Because each execution is comprised of several steps (i.e., I have some pre operations such as variable declarations, temp tables created, etc.), when I look through the BQ job history, each execution appears in several steps with different statement_types
and their respective sub-queries, but then also as a whole SCRIPT
for which the whole query appears. In these two cases, the query linked to the SCRIPT
statement type is the same one as the one you'd get if you put together all of the individual sub-queries with their respective statement_types. The metrics I obtain for the SCRIPT type are virtually the same as the one that is broken up in different steps with a few minor differences.

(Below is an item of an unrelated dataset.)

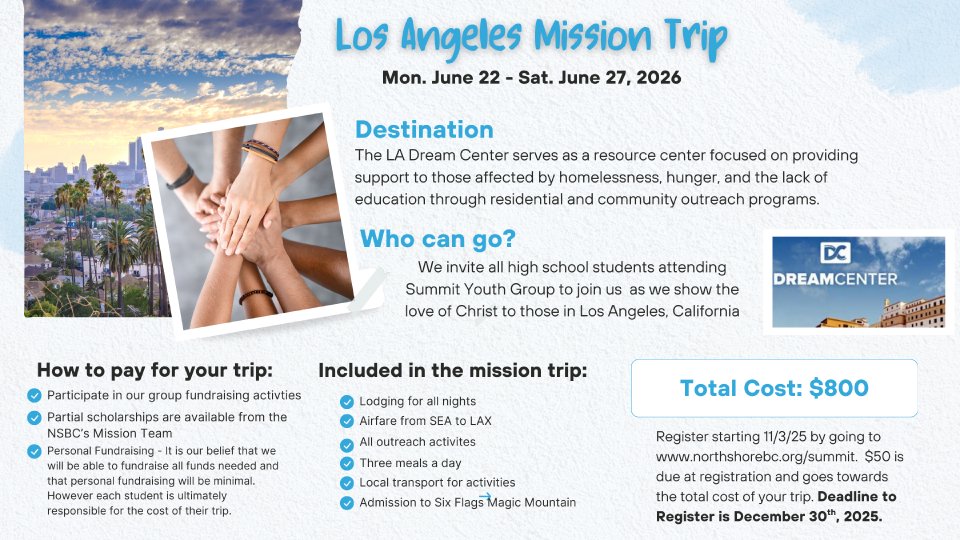 We’re heading to Los Angeles next summer for an unforgettable week of service and ministry! From June 22–27, our team will partner with the LA Dream Center, serving through hands-on outreach such as food distribution, meal prep, donation sorting, foster-care support projects, community cleanups, and more. Most importantly, our students will have the opportunity to share Christ’s love in real and meaningful ways.

Below is a query which gives me the calculated cost for one single execution
WITH main AS (
SELECT
job_id,
start_time,
DATE(start_time) AS execution_date,
statement_type,
query,
CASE WHEN statement_type LIKE 'SCRIPT' THEN 'whole_job' ELSE 'steps' END AS type,
TIMESTAMP_DIFF(end_time, start_time, SECOND) AS duration_seconds,
ROUND(total_bytes_processed/1073741824, 2) AS gigabytes_processed,
ROUND(total_bytes_billed/1073741824, 2) AS gigabytes_billed,
ROUND(total_slot_ms/3600000, 2) AS total_slot_hours,
ROUND(0.04*(total_slot_ms/3600000), 4) AS query_cost_usd
FROM
`region-eu`.INFORMATION_SCHEMA.JOBS
WHERE
DATE(start_time) = '2023-04-29'
AND
user_email = 'dataform@<some_project>.iam.gserviceaccount.com'
AND
query NOT LIKE '%<some_query>%'
ORDER BY
start_time
LIMIT 14
)
SELECT
execution_date,
type,
ROUND(AVG(duration_seconds),3) AS avg_execution_duration_daily,
ROUND(SUM(gigabytes_processed),3) AS total_execution_gb_billed,
ROUND(SUM(total_slot_hours),3) AS total_execution_slot_hrs,
ROUND(SUM(query_cost_usd),2) AS total_execution_cost,
FROM
main
WHERE
execution_date = '2023-04-29'
GROUP BY
1,2
ORDER BY
1 ASC
My question is, do I treat the two results as two separate components that make up one execution, or they representing the same one? Please let me know if my question doesn't make sense, I'm happy to clarify.